Virgil studied the sketch in the dirt for a bit. Then he stood and remounted and rode to a spot just below the ridgeline. It was too dark to be seen, but Virgil was always careful. He sat and looked down at Appaloosa for a while.

“We get the first part cleaned up and settle in,” Virgil said. “Then just before dawn the horses go in.”

“Somebody gotta drive them,” I said.

“I’ll do that,” General Laird said.

“Good chance you don’t survive,” Virgil said.

“No need,” the general said. “I’m seventy-seven years old. My son is dead. I’m the one you can spare for this. No need to survive.”

Nobody said anything.

“I’ll stick here with him,” Teagarden said.

“Okay,” Virgil said. “Just before dawn. We pull this off and we’re all in place. You bring the horses in, bunched up together so they can’t really tell if there are riders. When they start shooting, you get down in the saddle and get the hell out of there.”

“Okay,” he said. “We may as well start. Who wants the Golden Palace?”

“I know the place,” Cato said. “I’ll take it.”

“Before you begin,” Laird said.

We waited.

“I am seventy-seven,” Laird said again. “All I have left in the world is my ranch. I was going to leave it to my son. But Virgil Cole killed my son. Because I was a powerful man, I told my son he was a powerful man. I was a soldier all my life. Power, I told him, comes from the muzzle of a gun. He took it to heart. Because I was powerful, my son thought he was powerful. Because I was powerful, people treated my son as if he were powerful. I thought he was. He thought he was. And it got him killed by Virgil Cole.”

Nobody spoke in the darkness. The horses stood quiet, waiting, the way they did.

“That is my fault,” Laird said. “Virgil Cole did what he had to do.”

We were still.

“Chauncey, I don’t want you to kill him,” Laird said.

“Hell, General, Callico probably gonna kill us both, anyway,” Chauncey said.

“I want you men to witness this,” Laird said. “My only connection to my son is through the man who killed him. And he’s a good man.

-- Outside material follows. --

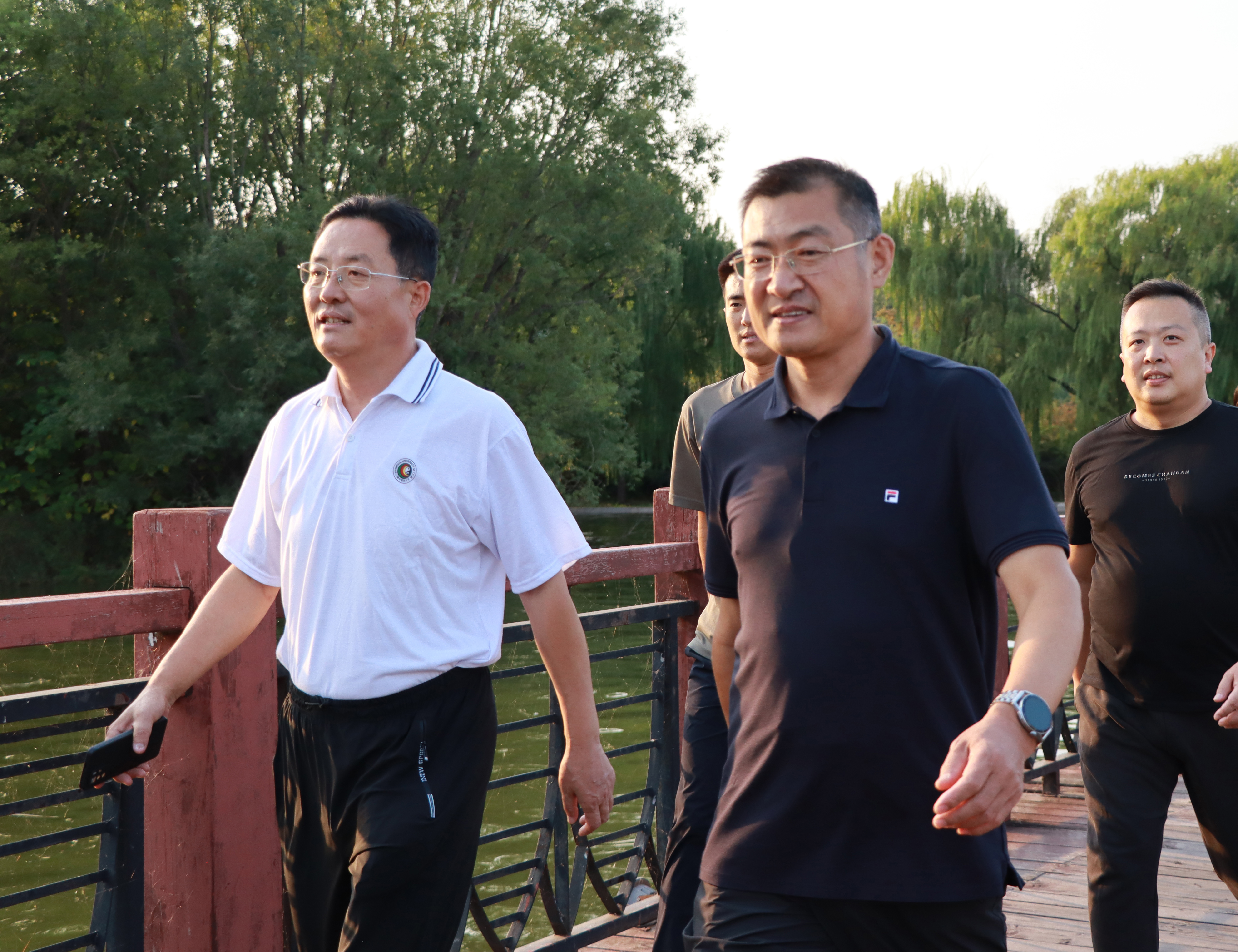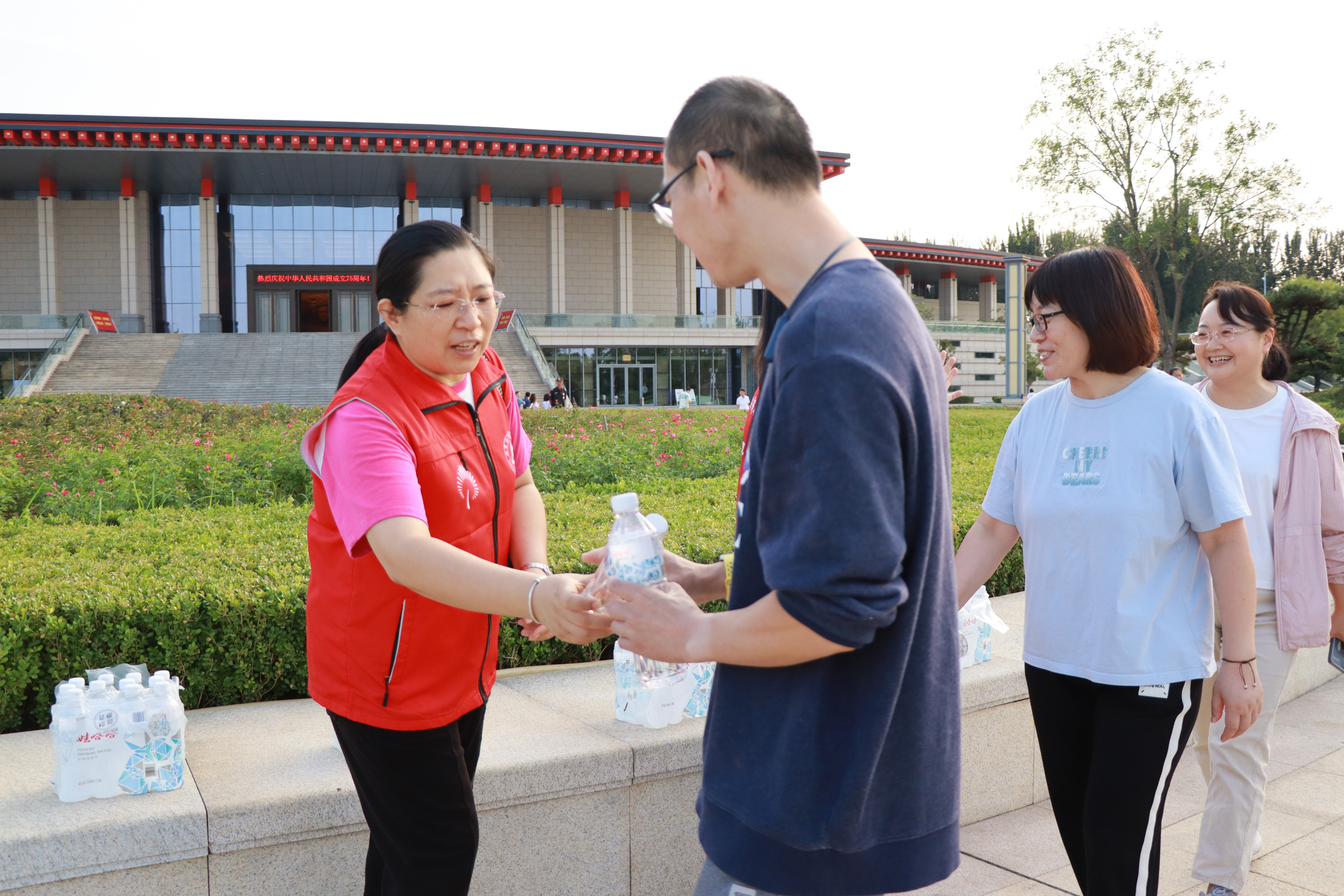 鸢都湖畔,微风轻拂,景色宜人。教职工们精神抖擞,步伐矫健,一路你追我赶,欢声笑语,很快到达活动半程补给站——潍坊市党史教育馆。志愿者们为大家准备了矿泉水,短暂停留之后,队伍继续向鸢都湖东岸迈进,最终抵达本次活动终点站——世纪风帆。

If I die here, or when I die somewhere, I want Cole to have the ranch.”

“Virgil?” I said.

“Yes.”

“You understand what you’re doing?”

“Yes,” Laird said.

There was a moment more of silence.

Then Laird said, “And so does Virgil Cole.”

In the darkness, Virgil said, “I do.”

“We’re all witness,” I said.

“Then let’s get to it,” Virgil said. We all dismounted, took our spurs off, and began down the hill toward town. Being silent in the dark made it slow going.

My man was behind the Chinese laundry, barricaded behind some big wash cauldrons, with, in daylight, a clear line of sight at the open space in front of the jail.

I remembered moving in on a Comanche camp through a dark Texas night. The horses held by squad back from the scene, the troopers spread out on each side of me, the silence so pressing that you didn’t want to breathe. Except this time I was alone. I stashed the eight-gauge on the far wall of the laundry. It would be in my way for what I had to do now. But it would be very handy later.

I took the bowie knife from its scabbard. I don’t enjoy knives much, but there didn’t seem any other way. I went very slowly, feeling my way with the toe of my boot through the littered laundry lot. It took so long that I was afraid dawn would arrive before I got to him.

But it didn’t.

And I cut his throat soundlessly before he ever knew he was dead, and took his place behind the wash pots.